■ **Task objective**: Pictures aside, print all of the data below exactly as written.

■ **Extracted records**:
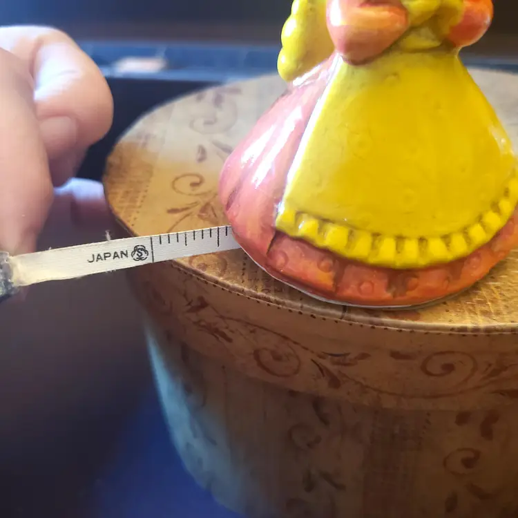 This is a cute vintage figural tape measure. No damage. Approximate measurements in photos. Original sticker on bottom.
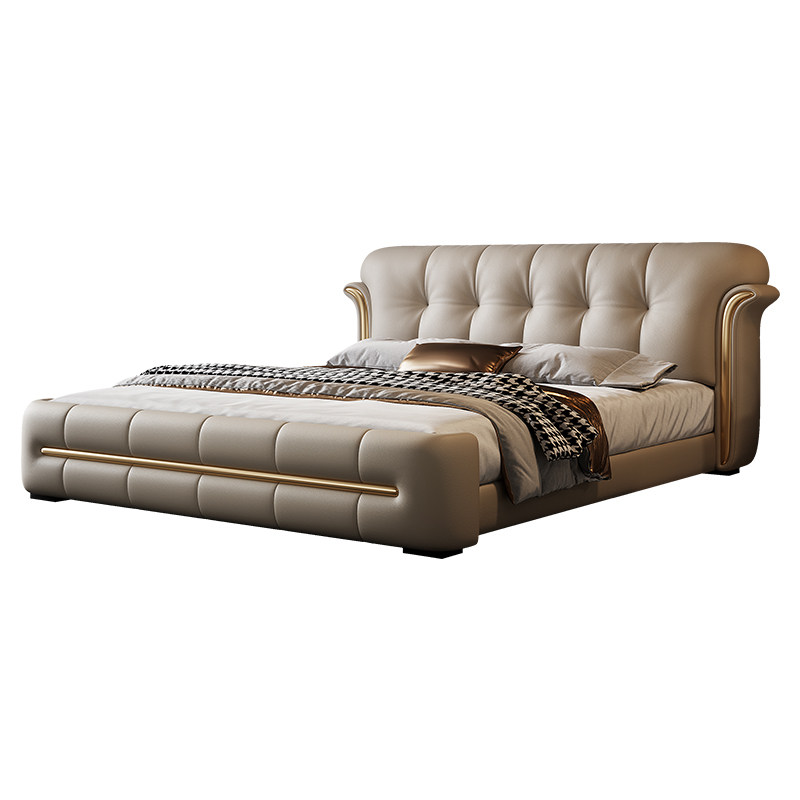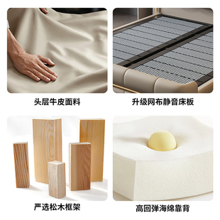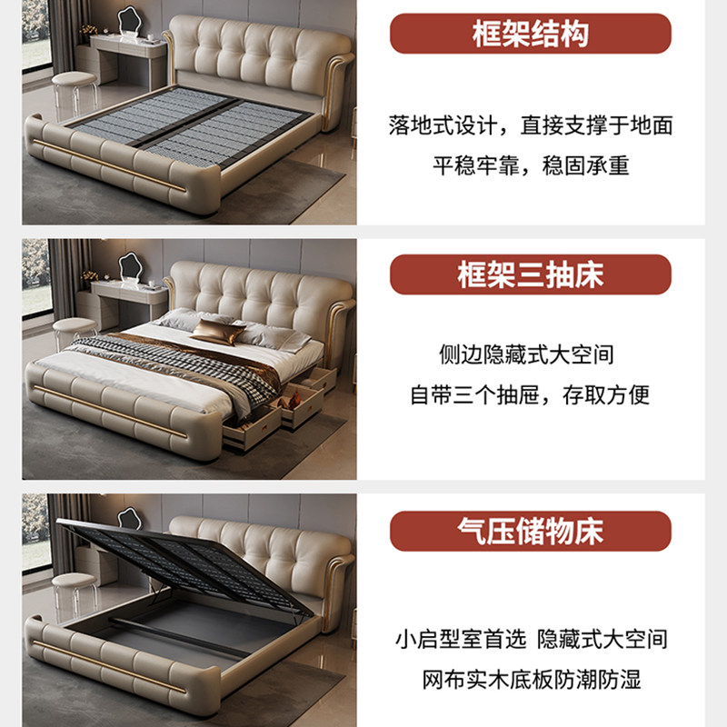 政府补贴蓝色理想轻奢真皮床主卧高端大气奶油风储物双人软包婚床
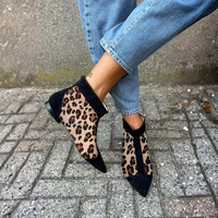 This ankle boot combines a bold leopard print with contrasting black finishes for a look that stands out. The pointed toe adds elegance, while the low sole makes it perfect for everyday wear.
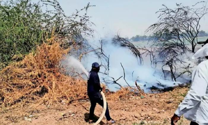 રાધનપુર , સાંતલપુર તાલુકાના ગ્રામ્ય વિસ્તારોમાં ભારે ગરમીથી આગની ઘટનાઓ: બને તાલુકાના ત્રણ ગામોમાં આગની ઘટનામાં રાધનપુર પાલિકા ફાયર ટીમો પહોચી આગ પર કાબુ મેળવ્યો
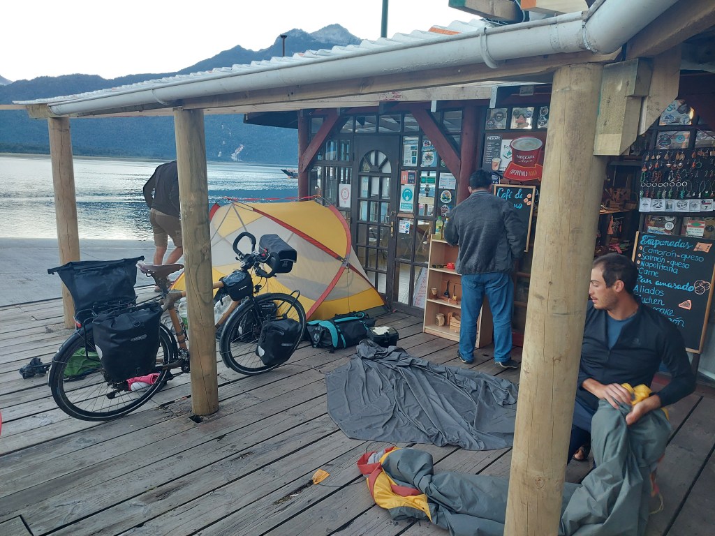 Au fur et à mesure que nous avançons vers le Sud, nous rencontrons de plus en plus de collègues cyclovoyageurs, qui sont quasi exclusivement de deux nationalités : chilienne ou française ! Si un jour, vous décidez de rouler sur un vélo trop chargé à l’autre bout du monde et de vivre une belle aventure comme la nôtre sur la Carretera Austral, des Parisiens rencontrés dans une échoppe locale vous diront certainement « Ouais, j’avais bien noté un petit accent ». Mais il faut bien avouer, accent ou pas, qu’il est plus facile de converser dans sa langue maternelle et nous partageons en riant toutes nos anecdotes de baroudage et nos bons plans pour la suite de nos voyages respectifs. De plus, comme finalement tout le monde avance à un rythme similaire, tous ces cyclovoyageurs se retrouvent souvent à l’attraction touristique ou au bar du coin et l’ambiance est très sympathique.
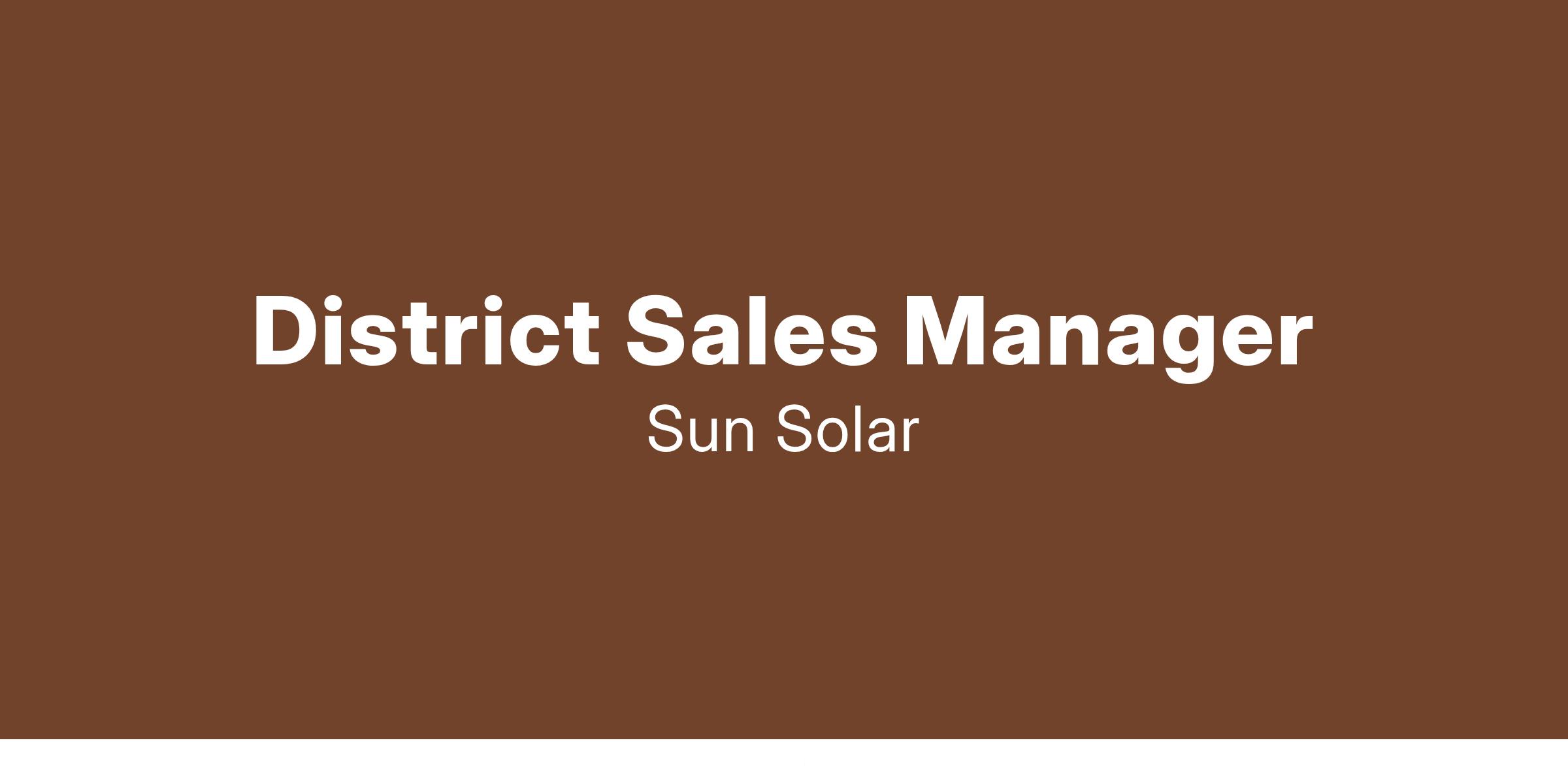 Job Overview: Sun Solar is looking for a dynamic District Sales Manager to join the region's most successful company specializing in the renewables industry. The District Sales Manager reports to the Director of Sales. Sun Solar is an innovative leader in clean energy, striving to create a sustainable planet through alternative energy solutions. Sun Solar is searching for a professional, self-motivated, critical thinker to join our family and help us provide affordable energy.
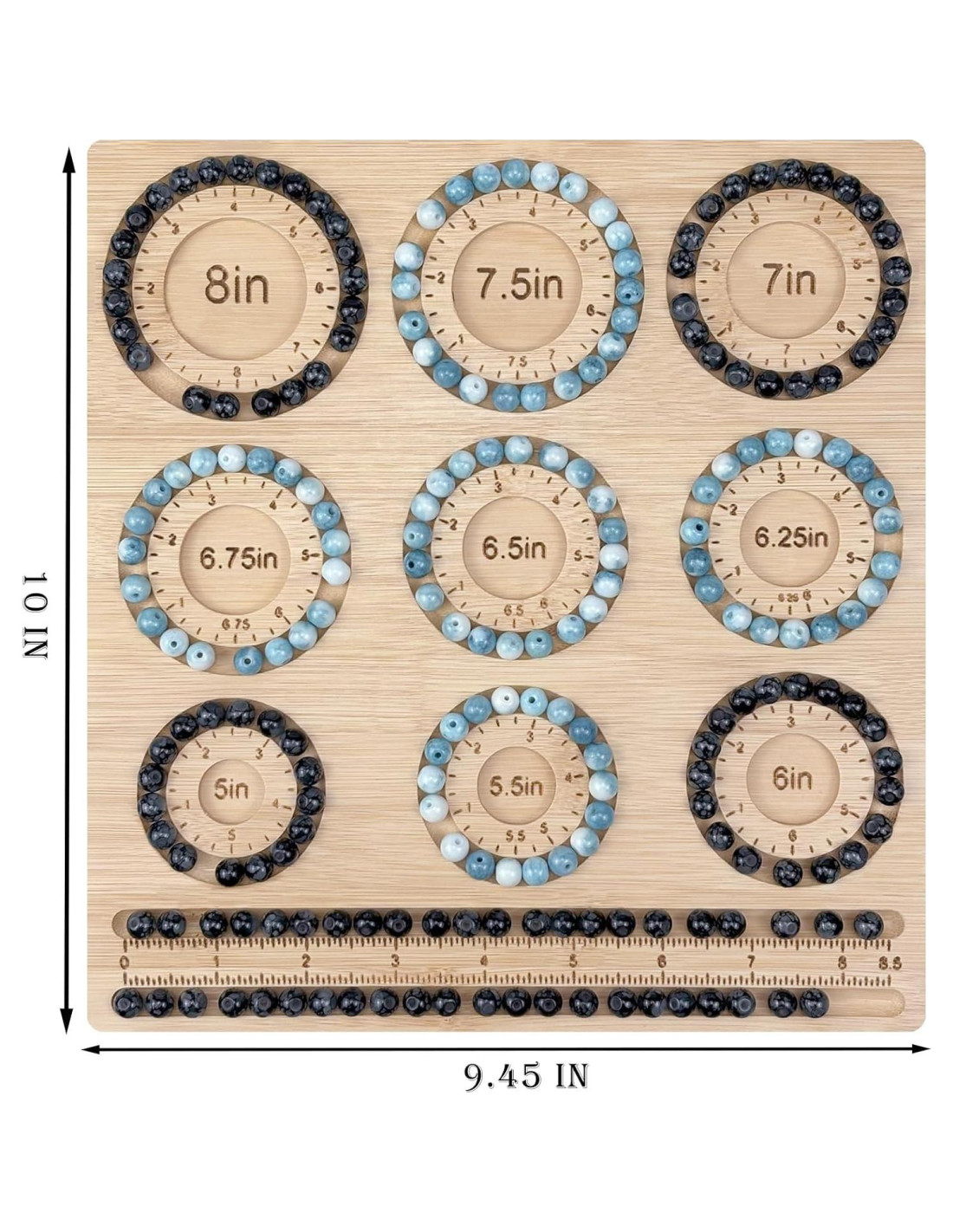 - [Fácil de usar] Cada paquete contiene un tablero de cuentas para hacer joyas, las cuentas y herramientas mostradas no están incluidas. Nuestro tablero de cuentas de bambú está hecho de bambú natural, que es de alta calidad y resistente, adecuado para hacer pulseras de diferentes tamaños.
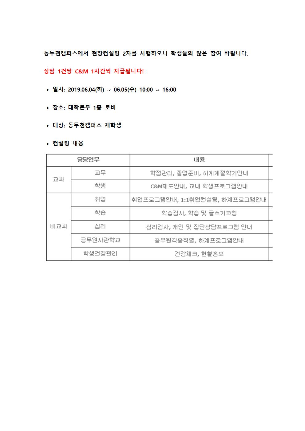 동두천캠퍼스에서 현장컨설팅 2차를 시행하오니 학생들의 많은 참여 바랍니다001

■ **Task result**:
 This is a cute vintage figural tape measure. No damage. Approximate measurements in photos. Original sticker on bottom.
 政府补贴蓝色理想轻奢真皮床主卧高端大气奶油风储物双人软包婚床
 This ankle boot combines a bold leopard print with contrasting black finishes for a look that stands out. The pointed toe adds elegance, while the low sole makes it perfect for everyday wear.
 રાધનપુર , સાંતલપુર તાલુકાના ગ્રામ્ય વિસ્તારોમાં ભારે ગરમીથી આગની ઘટનાઓ: બને તાલુકાના ત્રણ ગામોમાં આગની ઘટનામાં રાધનપુર પાલિકા ફાયર ટીમો પહોચી આગ પર કાબુ મેળવ્યો
 Au fur et à mesure que nous avançons vers le Sud, nous rencontrons de plus en plus de collègues cyclovoyageurs, qui sont quasi exclusivement de deux nationalités : chilienne ou française ! Si un jour, vous décidez de rouler sur un vélo trop chargé à l’autre bout du monde et de vivre une belle aventure comme la nôtre sur la Carretera Austral, des Parisiens rencontrés dans une échoppe locale vous diront certainement « Ouais, j’avais bien noté un petit accent ». Mais il faut bien avouer, accent ou pas, qu’il est plus facile de converser dans sa langue maternelle et nous partageons en riant toutes nos anecdotes de baroudage et nos bons plans pour la suite de nos voyages respectifs. De plus, comme finalement tout le monde avance à un rythme similaire, tous ces cyclovoyageurs se retrouvent souvent à l’attraction touristique ou au bar du coin et l’ambiance est très sympathique.
 Job Overview: Sun Solar is looking for a dynamic District Sales Manager to join the region's most successful company specializing in the renewables industry. The District Sales Manager reports to the Director of Sales. Sun Solar is an innovative leader in clean energy, striving to create a sustainable planet through alternative energy solutions. Sun Solar is searching for a professional, self-motivated, critical thinker to join our family and help us provide affordable energy.
 - [Fácil de usar] Cada paquete contiene un tablero de cuentas para hacer joyas, las cuentas y herramientas mostradas no están incluidas. Nuestro tablero de cuentas de bambú está hecho de bambú natural, que es de alta calidad y resistente, adecuado para hacer pulseras de diferentes tamaños.
 동두천캠퍼스에서 현장컨설팅 2차를 시행하오니 학생들의 많은 참여 바랍니다001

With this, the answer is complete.